**What you should do**
Your answer should consist only of the lines below from the one with "Hoạt Huyết Dưỡng" through the one with "Blue Linen Sectional", copied exactly.
[Material for the task — start]
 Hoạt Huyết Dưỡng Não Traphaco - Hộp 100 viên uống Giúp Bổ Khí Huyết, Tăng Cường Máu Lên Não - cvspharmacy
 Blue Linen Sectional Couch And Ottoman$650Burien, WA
[Material for the task — finish]
[Material for the task — start]
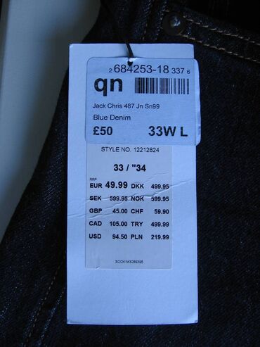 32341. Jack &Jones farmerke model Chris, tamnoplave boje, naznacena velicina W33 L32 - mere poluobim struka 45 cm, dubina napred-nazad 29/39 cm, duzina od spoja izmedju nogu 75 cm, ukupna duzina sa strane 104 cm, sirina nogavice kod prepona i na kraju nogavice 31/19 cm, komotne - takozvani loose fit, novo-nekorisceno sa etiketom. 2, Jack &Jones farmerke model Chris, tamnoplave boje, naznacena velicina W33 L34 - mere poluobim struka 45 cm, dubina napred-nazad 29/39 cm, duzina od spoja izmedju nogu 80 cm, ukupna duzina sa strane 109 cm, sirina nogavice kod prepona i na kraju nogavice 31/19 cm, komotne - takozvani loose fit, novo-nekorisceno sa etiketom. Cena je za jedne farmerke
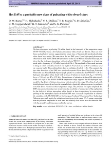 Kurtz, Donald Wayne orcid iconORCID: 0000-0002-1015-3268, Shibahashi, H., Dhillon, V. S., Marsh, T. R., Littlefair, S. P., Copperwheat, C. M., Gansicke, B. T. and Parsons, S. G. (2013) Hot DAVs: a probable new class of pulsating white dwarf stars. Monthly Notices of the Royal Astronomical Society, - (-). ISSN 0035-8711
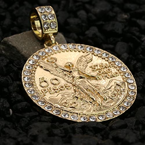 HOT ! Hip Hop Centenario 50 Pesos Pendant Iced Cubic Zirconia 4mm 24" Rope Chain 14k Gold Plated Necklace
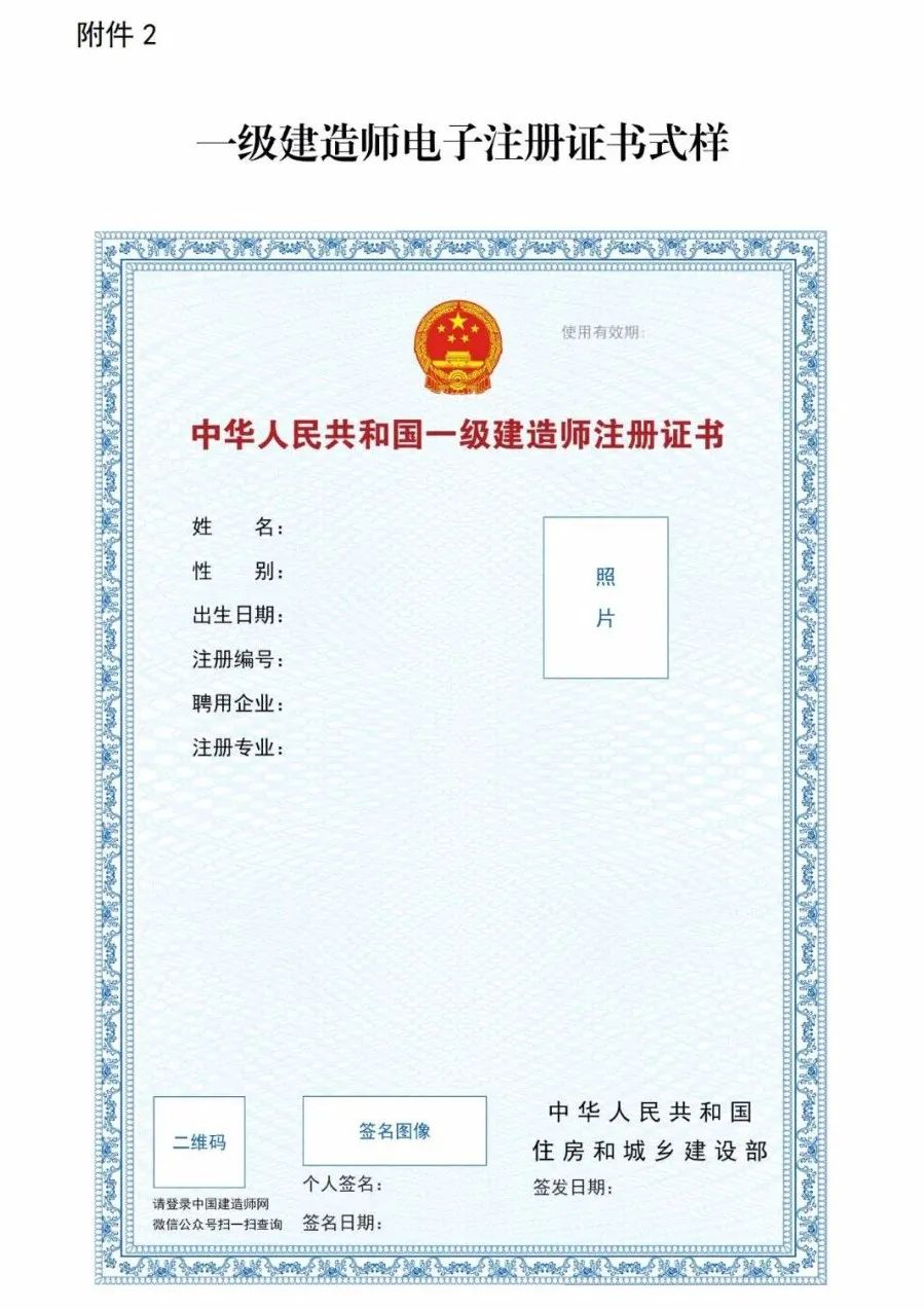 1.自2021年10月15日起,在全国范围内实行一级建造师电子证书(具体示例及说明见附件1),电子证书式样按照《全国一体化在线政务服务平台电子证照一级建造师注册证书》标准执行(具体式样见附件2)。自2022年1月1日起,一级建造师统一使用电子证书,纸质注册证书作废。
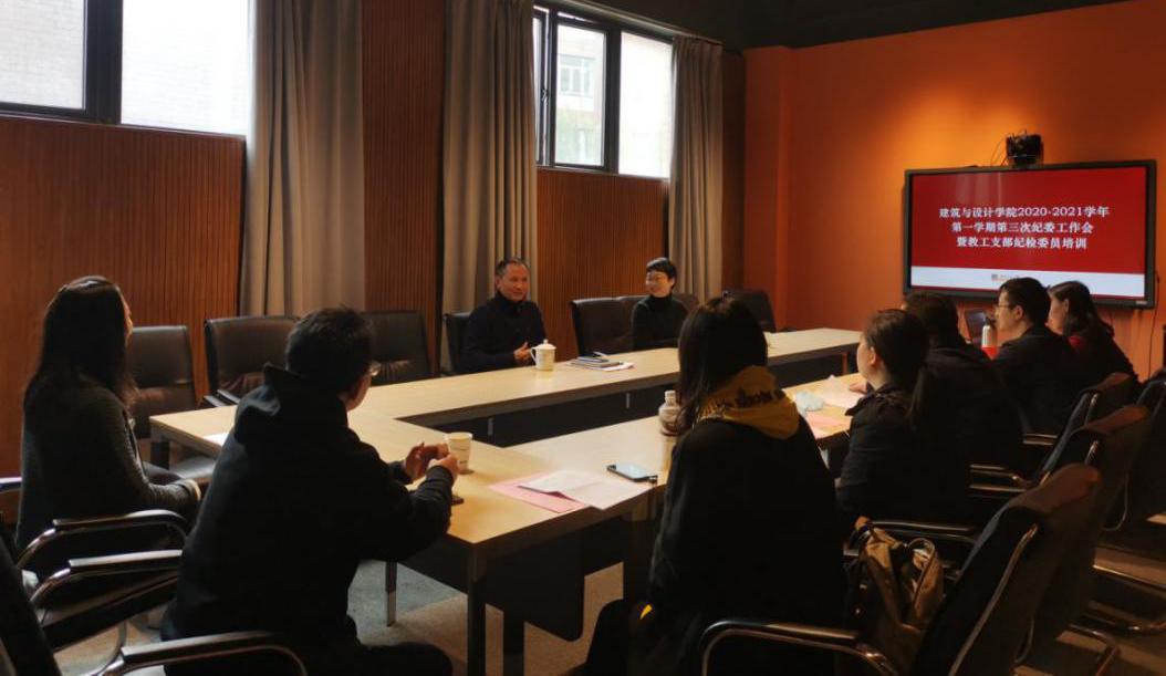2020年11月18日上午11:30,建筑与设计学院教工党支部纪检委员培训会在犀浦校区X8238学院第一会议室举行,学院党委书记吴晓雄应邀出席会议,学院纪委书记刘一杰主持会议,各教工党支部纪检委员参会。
[Material for the task — finish]
**Answer to the problem**
 Hoạt Huyết Dưỡng Não Traphaco - Hộp 100 viên uống Giúp Bổ Khí Huyết, Tăng Cường Máu Lên Não - cvspharmacy
 Blue Linen Sectional Couch And Ottoman$650Burien, WA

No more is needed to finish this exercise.